La enfermedad es sólo un pequeño ejemplo de la trascendencia de la escucha y del valor del diálogo. Todo, o casi todo lo relacionado con los seres humanos parte del acto de primero oír y después hablar. Escuchar es una virtud y un don. Dialogar es una necesidad. Ambas cualidades han perdido vigor y presencia. La incapacidad de las personas para dialogar es cada vez mayor.

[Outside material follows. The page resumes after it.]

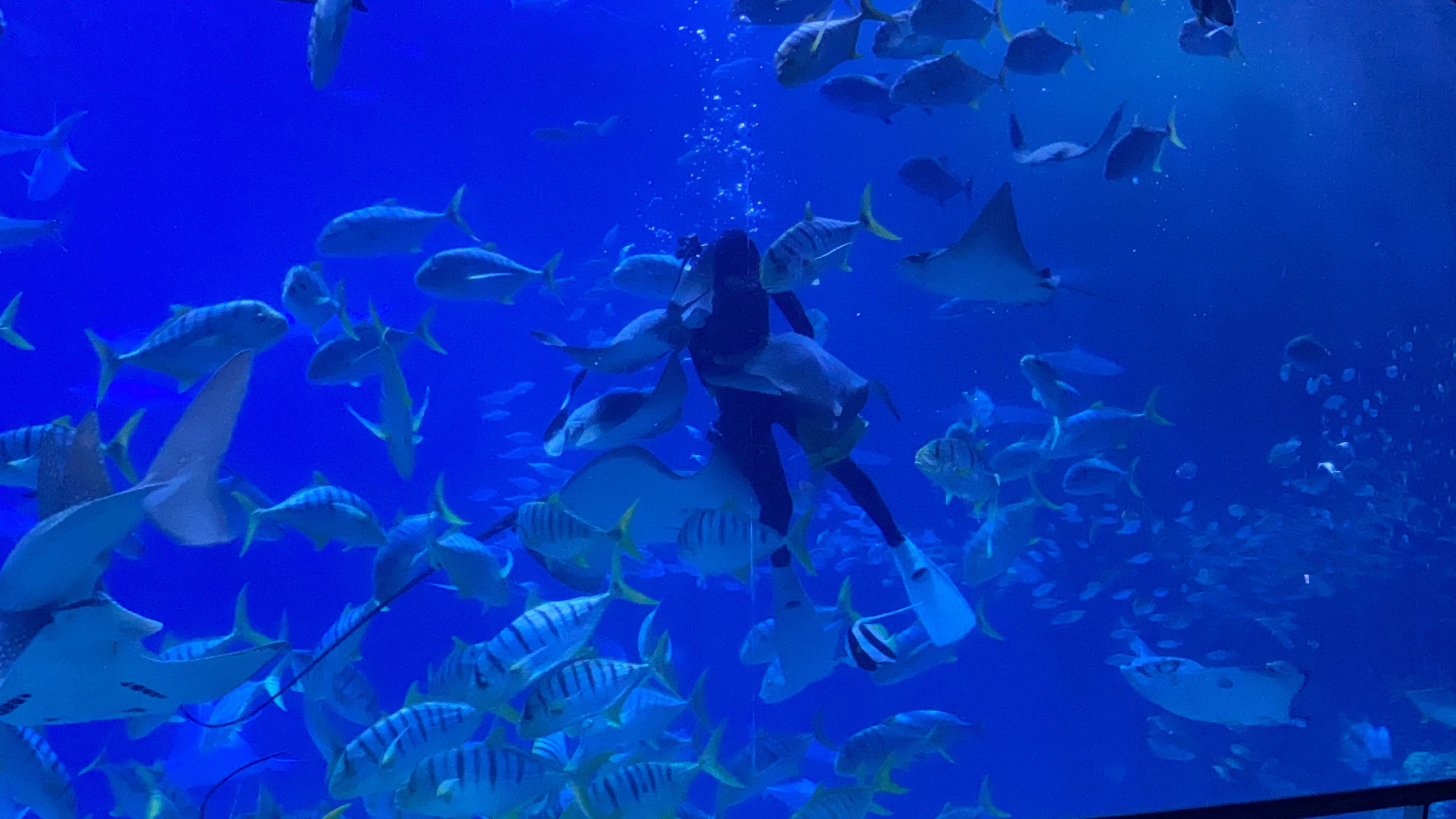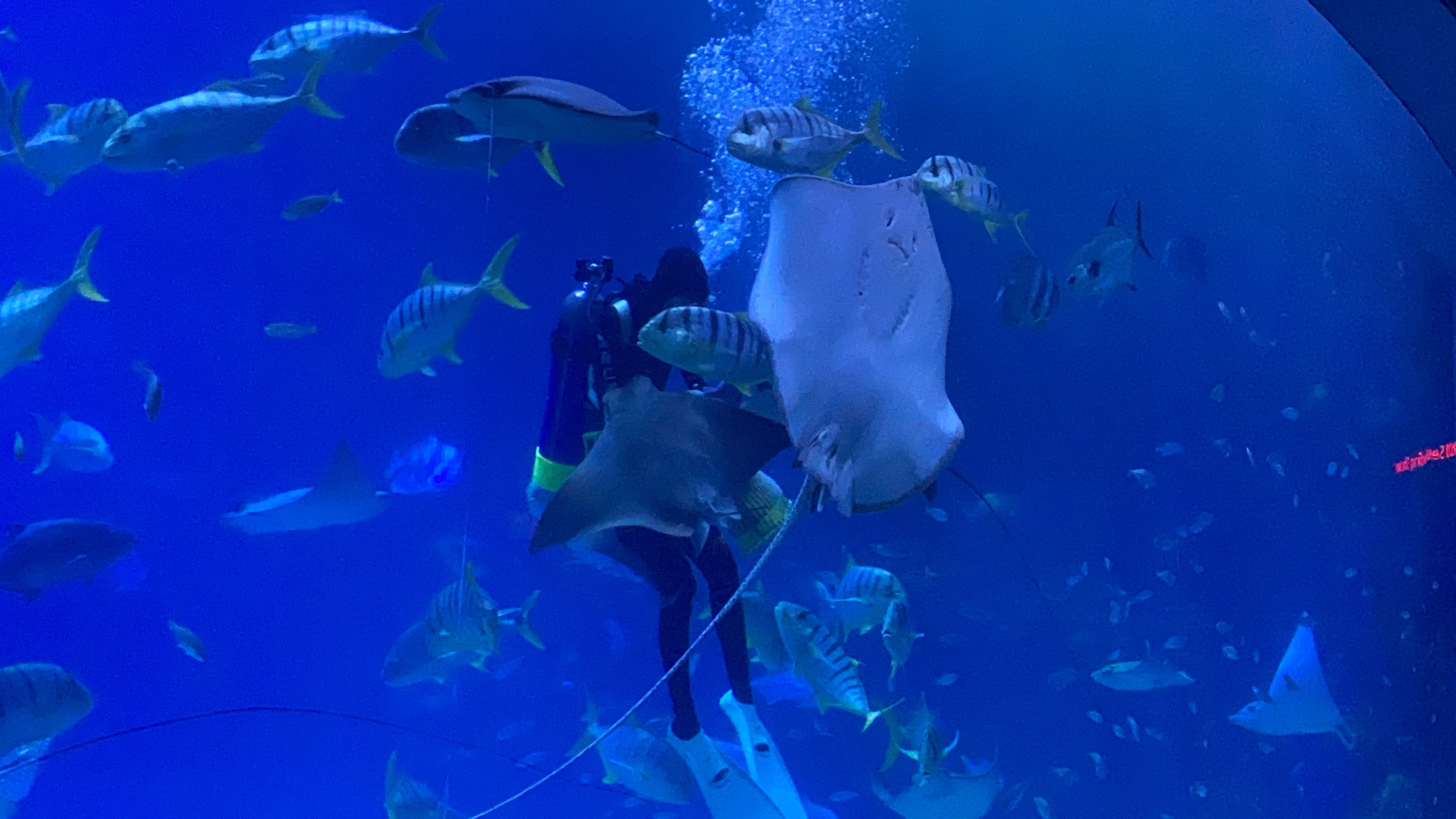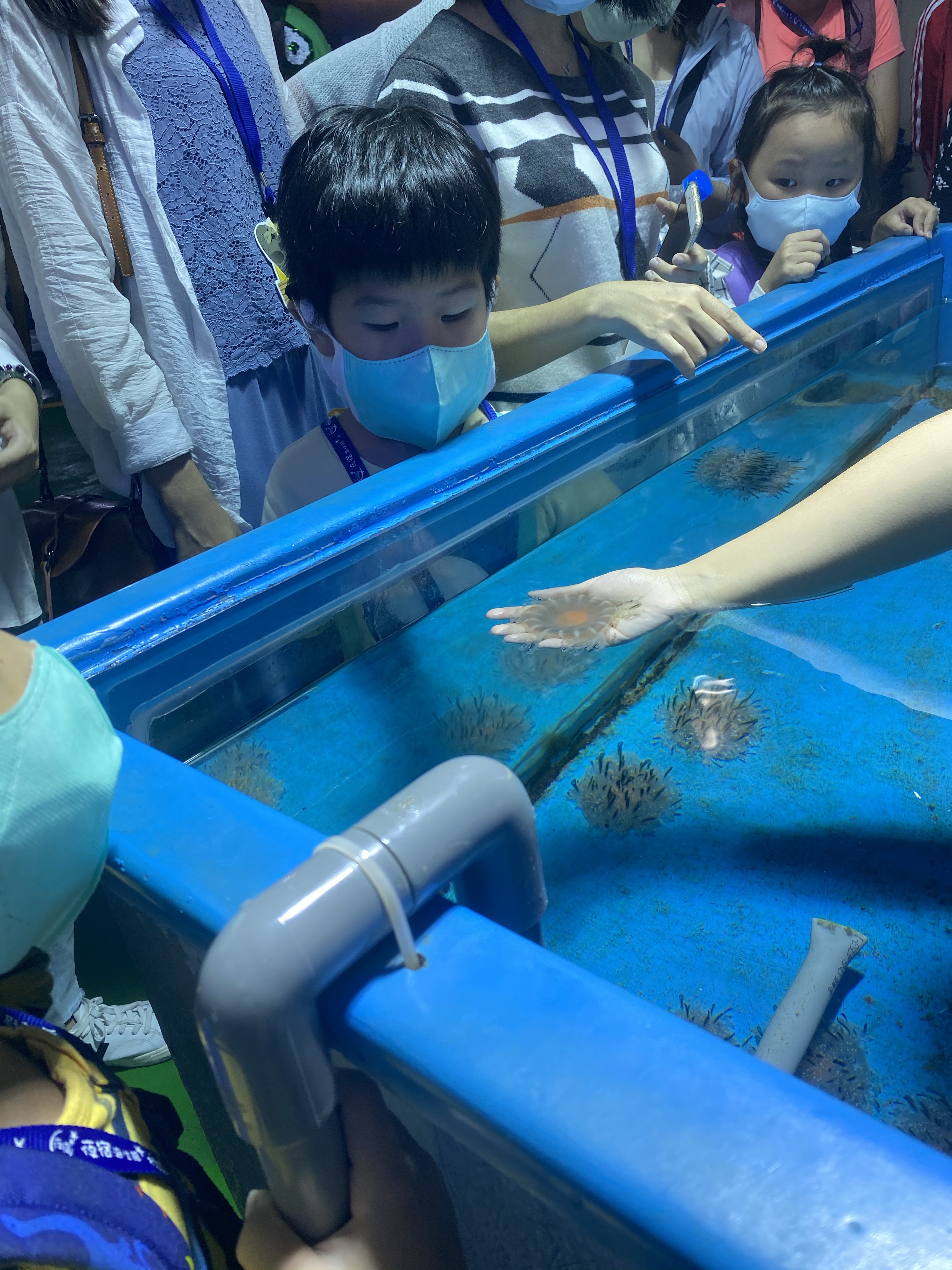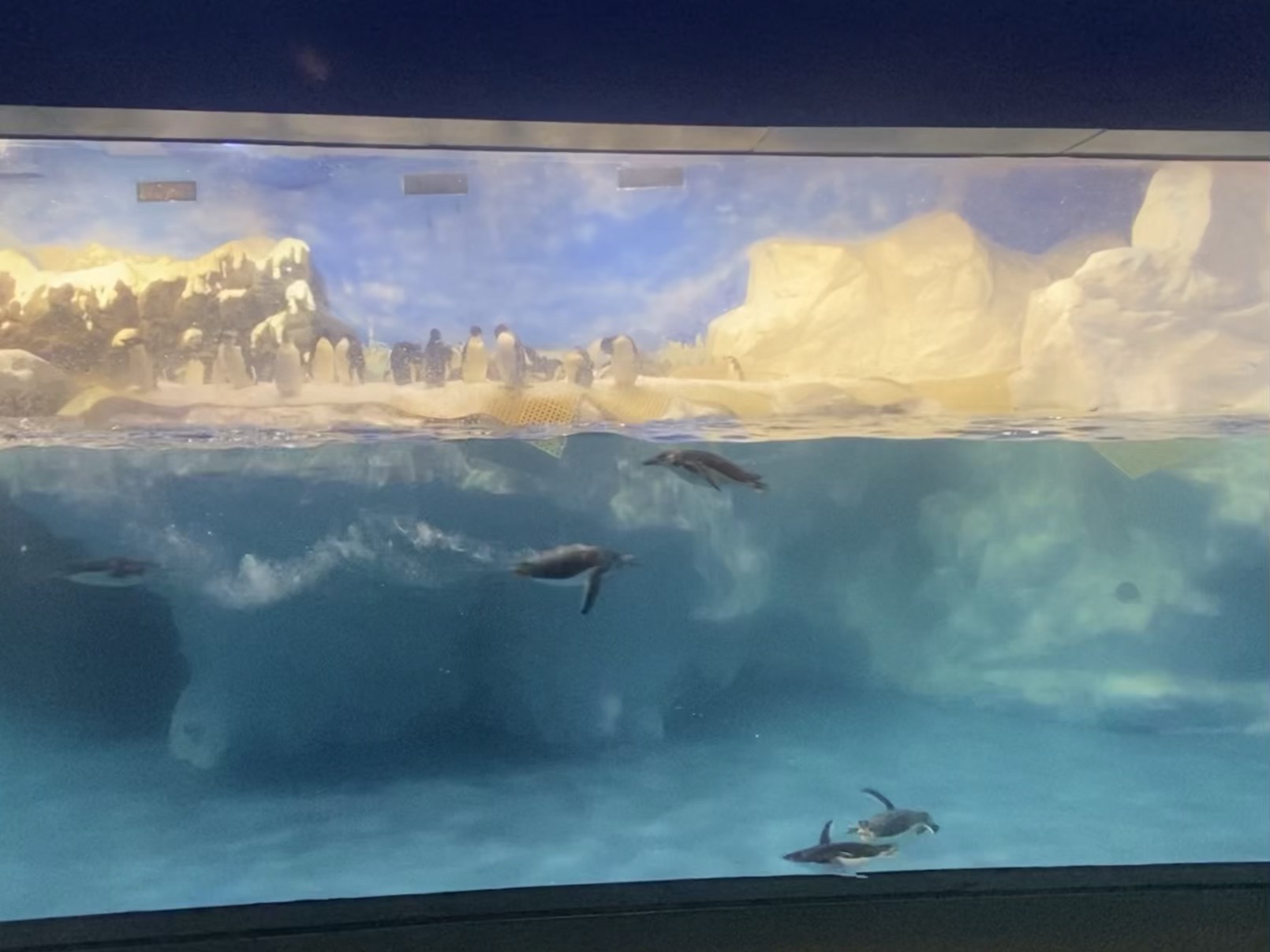 時間差不多,我們就去集合了,然後跟往常一樣,開始分區,然後帶到住宿附近可以寄放行李的櫃子,放置行李,然後進行導覽分組,由於太熟悉,所以大多都是等待.分組完成,我們就在世界水域館參觀,原則上差異不多,大家還是最喜歡看企鵝,大小沐沐也不例外,在所有展館逛至一圈後,就去參觀後場.

Fue Wittgenstein quien dijo: Los límites de mi lenguaje son los límites de mi mundo
. En el mundo contemporáneo los límites del lenguaje son cada vez mayores. La persuasión, la construcción y los alcances de las palabras son cada vez menores; el contagio de la incomunicación barata se reproduce aceleradamente y engloba cada vez a más seres humanos. Por supuesto, el mal, la incapacidad de modificar a partir del diálogo, no es universal, pero, sí lo suficientemente generalizado para alarmarse. Esa admonición permite modificar la magistral idea de Wittgenstein: Los límites de mi mundo son los límites de mi lenguaje
. La catástrofe de la incomunicación es la catástrofe del mundo.

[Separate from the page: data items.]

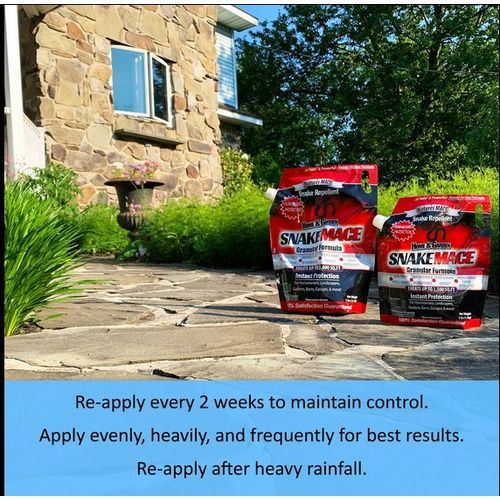 Re-apply every 2 weeks to maintain control. In areas where snake visits are heavier and more intense, additional and/or more liberal applications may be required. This will eventually teach snakes to avoid and stay clear of treated areas. Re-apply after extensive rainfall.
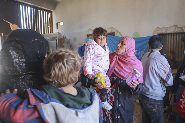 ハサカにある避難所のユニセフが支援する移動式クリニックで、栄養不良を防ぐための微量栄養パウダーを受け取った国内避難民の子どもと母親。(シリア、2022年1月28日撮影)
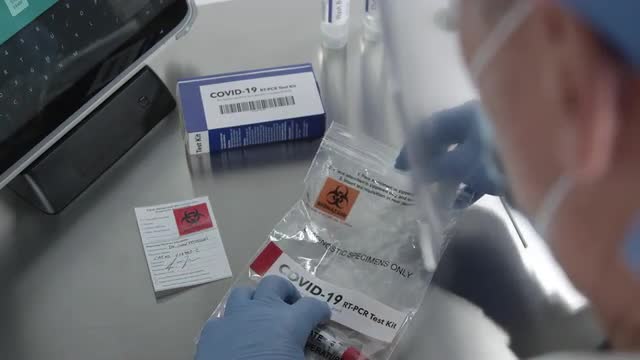 1101766 - Coronavirus swab test being sealed in vile and plastic bag
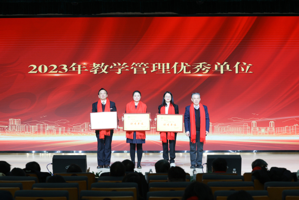 图为幸福堂副书记为2023年教学管理优秀单位代表颁奖 摄影:孙欢欢
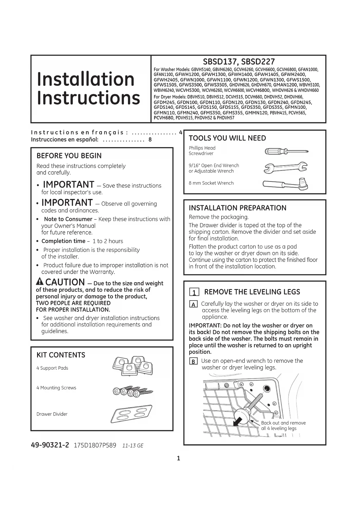 of these products, and to reduce the risk of personal injury or damage to the product, TWO PEOPLE ARE REQUIRED FOR PROPER INSTALLATION.• See washer and dryer installation instructions for additional installation requirements and guidelines. 49-90321-2 175D1807P589 11-13 GE2 Installation Instructions
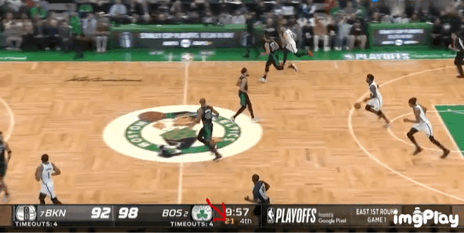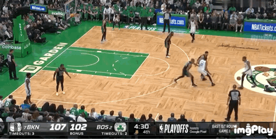 下一个回合,欧文持球,他为杜兰特设立无球掩护,让格兰特-威廉姆斯换防到杜兰特身前(格威本场比赛正负值-17)。
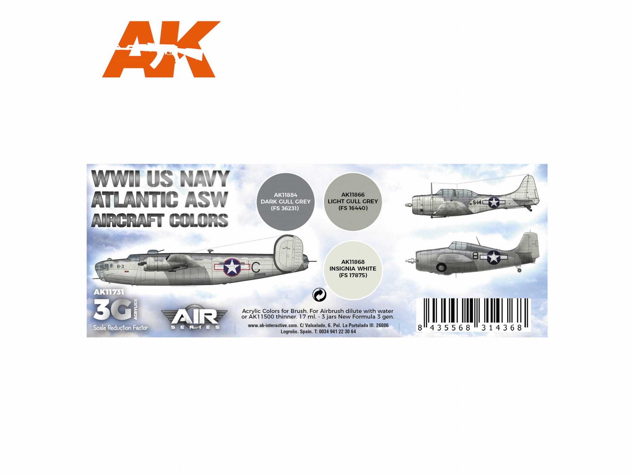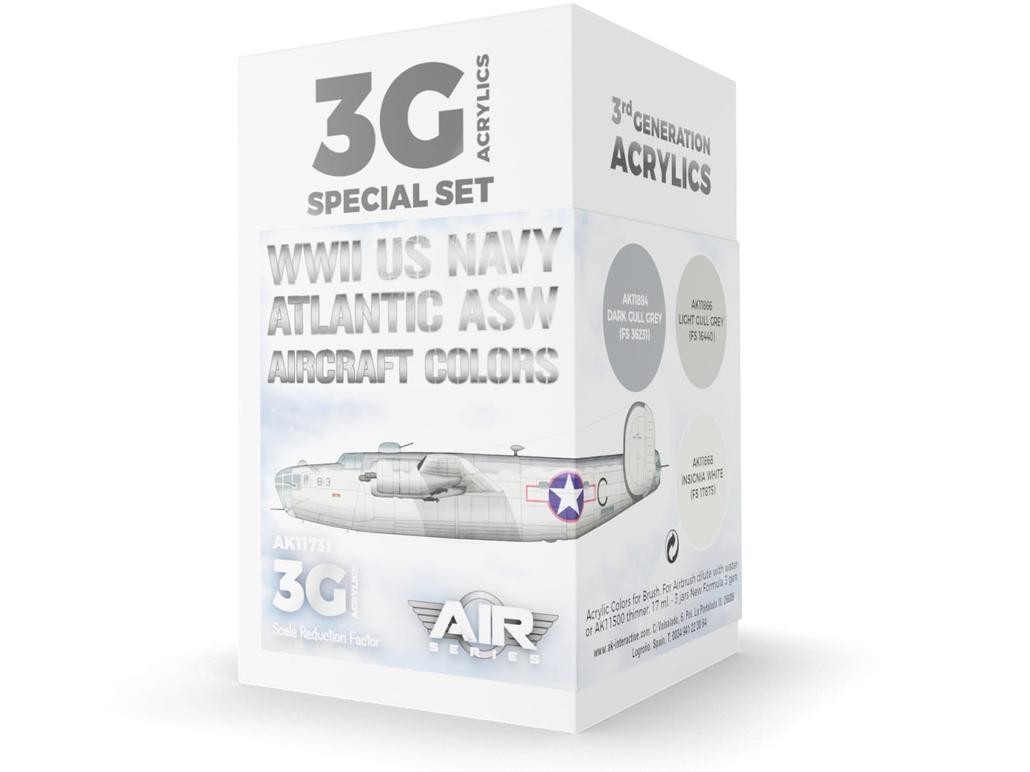 AK Acrylics 3Gen AIRCRAFT SET AK11731 WWII US Navy ASW Aircraft Colors SET 3G (3x17ml)

La cortedad del diálogo achica a la persona, enjuta el mundo y constriñe la comunicación entre los seres humanos. La falta de escucha y la ausencia de diálogo no son víctimas de una conspiración planeada. Son el resultado de la falta de comunicación construida paso a paso, sotto voce, por los medios masivos de comunicación y por la nueva parafernalia de Black Berries y sucedáneos que sustituyen la escucha y el diálogo por los mensajes interminables sin cara, sin voz, sin contenido. Mensajes dirigidos a interlocutores difuminados cuyo lenguaje se limita al uso de unas pocas palabras.
Lo obvio, la imposibilidad de componer el orbe mediante la escucha y del diálogo se expande y amenaza lo que no parece obvio: la modificación, sutil o no, de la condición humana. La transformación del ser humano como consecuencia de la incapacidad para dialogar es hoy un problema tangible. Mañana, ese cambio, será una enfermedad cuyos alcances son difíciles de predecir, pero, seguramente, alterarán en forma negativa –quizás deshumanizar sea la palabra adecuada– las relaciones interpersonales. Aunque ni los mensajes, ni quien los envía, ni quien los recibe son anónimos, la idea del anonimato inscrita en ese indiálogo no es descabellada.
Los recovecos del lenguaje son invaluables. Escuchar es una bella palabra. Significa prestar atención a lo que se oye
. Escuchar proviene del latín auscultare, inclinarse para aplicar la oreja
o cultivar la oreja
, como lo hacían los galenos antes de la invención del estetoscopio. El acto de escuchar requiere primero acercarse y después, cuando sea prudente, responsabilizarse de lo escuchado, o, incluso, si lo amerita la situación, obligarse a trabajar con el contenido del mensaje. Escuchar es obligación y es responsabilidad. ¿Hacia dónde camina nuestra sociedad? ¿Qué sucederá con el ser humano tan lleno de aparatos y tan vacío de ideas? Caminará hacia la deshumanización, hacia el desconocimiento de las personas, hacía el vacío que surge de las palabras sin contenido y hacia la incapacidad para dialogar.
Han transcurrido muchos años desde que T. S. Eliot diagnosticó, en su maravilloso poema The Rock (1934), lo que ahora vivimos:
“Invenciones sin fin, experimentos sin fin, / nos hacen conocer el movimiento, pero no la quietud; conocimiento de la palabra, pero no del silencio; / de las palabras, pero no de la Palabra.
“¿Dónde está la sabiduría que hemos perdido en el conocimiento?
¿Y dónde está el conocimiento que hemos perdido con la información?
Eliot, por supuesto tiene razón. La incapacidad para escuchar y dialogar han triunfado: la condición humana se encuentra cada vez más amenazada.